* **DATA SHOWN**
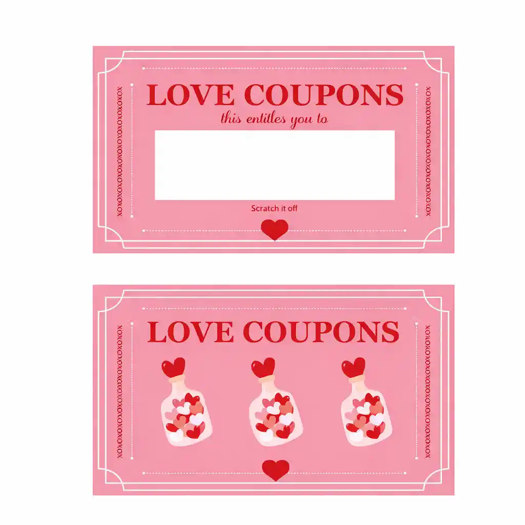 1 Tarjeta Raspable para San Valentín, incluye sticker raspable. Regalo Original para Novio, Esposo o Aniversario. Regalo para familiares, seres queridos de 7.5 cm / 8.5 cm Sorprende a tu pareja con estas divertidas Tarjetas Raspables de San Valentín. Escribe tu mensaje secreto, cúbrelo con el sticker incluido y deja que lo descubra rascando con una moneda. Perfectas como regalo romántico para novios, esposos o parejas, ideales para San Valentín, aniversarios, cumpleaños o noches de cita. ¡Agrega un toque único y picante a tu relación con este regalo personalizado y creativo!
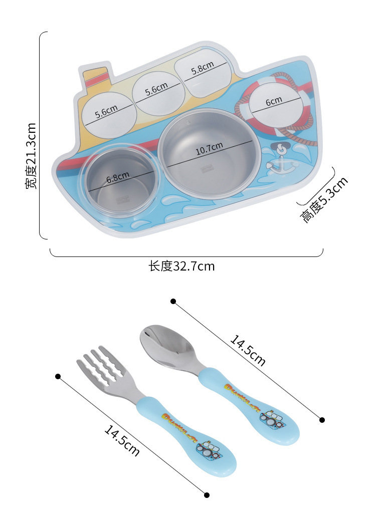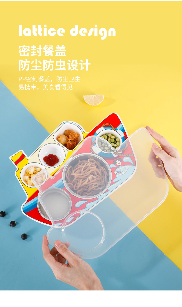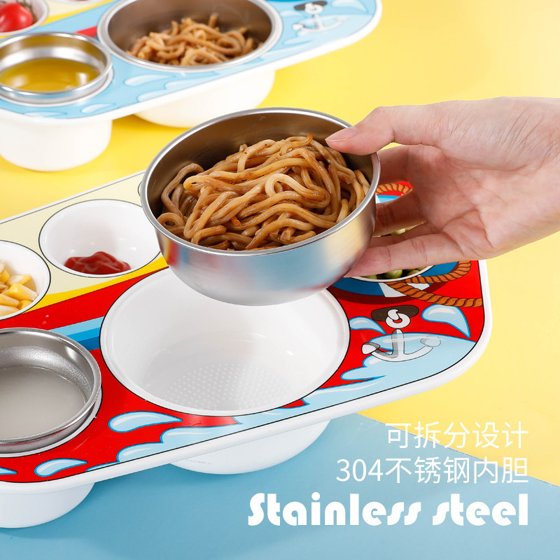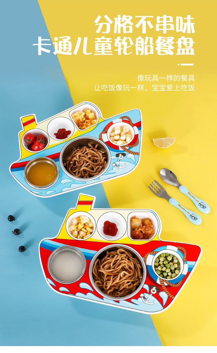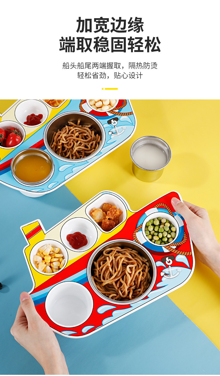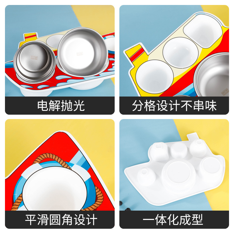 304不锈钢儿童轮船餐盘餐盒餐具抗摔分格带盖可拆洗研磨辅食用
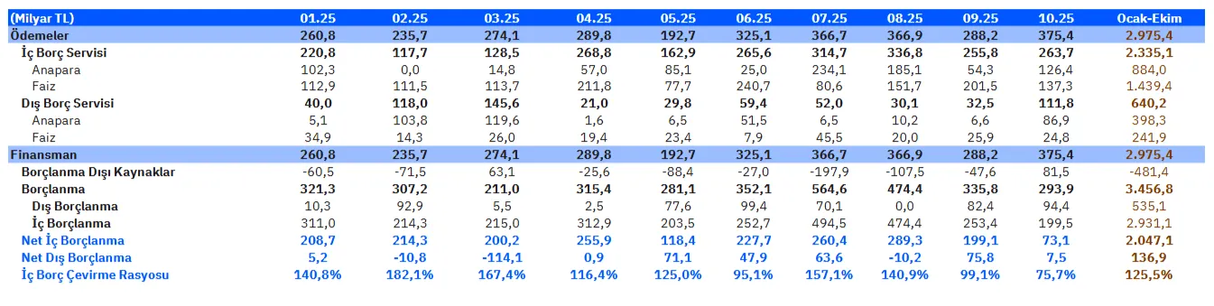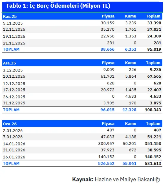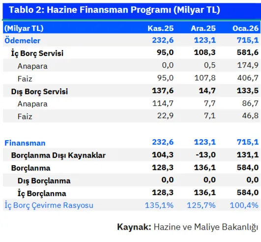 Hazine Kasım-Ocak dönemi toplamında ise 175 milyar TL’si anapara ve 610 milyar TL’si faiz olmak üzere 785 milyar TL iç borç geri ödemesi gerçekleştirecek. Dış borç geri ödemelerinin TL karşılığının ise yaklaşık 286 milyar TL olması öngörülüyor. Hazine toplamda 848 milyar TL üzerinde iç borçlanma planlarken, bu yaklaşık %120,4’lük bir iç borç çevirme rasyosuna denk geliyor. Bu rakamlara göre, bu dönemde, Hazine’nin net iç borçlanma tutarının (yeni tahvil ihracının) ise yaklaşık 673 milyar TL olması öngörülüyor.

* **REQUIRED WORK**
Replicate the material above verbatim; images stay out of the copy.

* **RESPONSE TO THE EXERCISE**
 1 Tarjeta Raspable para San Valentín, incluye sticker raspable. Regalo Original para Novio, Esposo o Aniversario. Regalo para familiares, seres queridos de 7.5 cm / 8.5 cm Sorprende a tu pareja con estas divertidas Tarjetas Raspables de San Valentín. Escribe tu mensaje secreto, cúbrelo con el sticker incluido y deja que lo descubra rascando con una moneda. Perfectas como regalo romántico para novios, esposos o parejas, ideales para San Valentín, aniversarios, cumpleaños o noches de cita. ¡Agrega un toque único y picante a tu relación con este regalo personalizado y creativo!
 304不锈钢儿童轮船餐盘餐盒餐具抗摔分格带盖可拆洗研磨辅食用
 Hazine Kasım-Ocak dönemi toplamında ise 175 milyar TL’si anapara ve 610 milyar TL’si faiz olmak üzere 785 milyar TL iç borç geri ödemesi gerçekleştirecek. Dış borç geri ödemelerinin TL karşılığının ise yaklaşık 286 milyar TL olması öngörülüyor. Hazine toplamda 848 milyar TL üzerinde iç borçlanma planlarken, bu yaklaşık %120,4’lük bir iç borç çevirme rasyosuna denk geliyor. Bu rakamlara göre, bu dönemde, Hazine’nin net iç borçlanma tutarının (yeni tahvil ihracının) ise yaklaşık 673 milyar TL olması öngörülüyor.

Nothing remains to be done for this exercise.